O Banco Interamericano de Desenvolvimento (BID) anunciou nesta sexta-feira (19), em Roma, a destinação de US$ 5,8 bilhões para a Aliança Global contra a Fome e a Pobreza, apoiada pelo governo brasileiro.
Conforme o banco, “a Aliança Global contra a Fome e a Pobreza tem como objetivo acelerar o progresso na erradicação da fome e da pobreza por meio de apoio coordenado de seus membros a políticas e programas nacionais de grande escala e baseados em evidências”.
Ainda segundo o BID, “a Aliança conta com mais de 215 membros, incluindo mais de 107 países, 31 organizações internacionais, 14 instituições financeiras internacionais e mais de 63 organizações filantrópicas e não governamentais”.
Os recursos anunciados se somam aos R$ US$ 4,1 bilhões alocados no ano passado para programas sociais de diferentes países.

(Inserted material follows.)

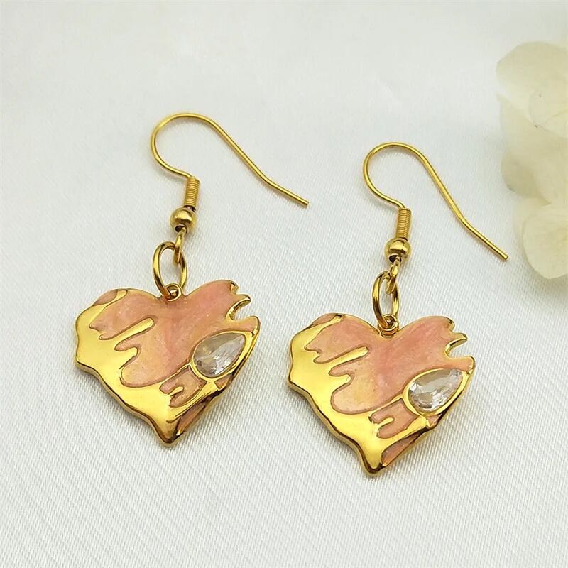 ジルコン ジルコニア カラフル エナメル 溶岩 桃 ピーチ 植物 プラント 果物 フルーツ ハート イレギュラー ダングル 揺れる ピアス レディース ステンレス スチール カップル ジュエリー パーティ ギフト

O somatório do dinheiro destinado em 2024 e neste ano, cerca de US$ 10 bilhões, perfazem 40% do valor que o BID propôs financiar até 2030, de US$ 25 bilhões.
Os recursos podem ser usados para empréstimos e para cooperação técnica com doação de valores. A discriminação dos totais para cada projeto financiado, conforme o país, e a distribuição entre recursos doados e valores que serão recebidos como empréstimo, a serem pagos, deverão ser divulgados na próxima semana, de acordo com BID.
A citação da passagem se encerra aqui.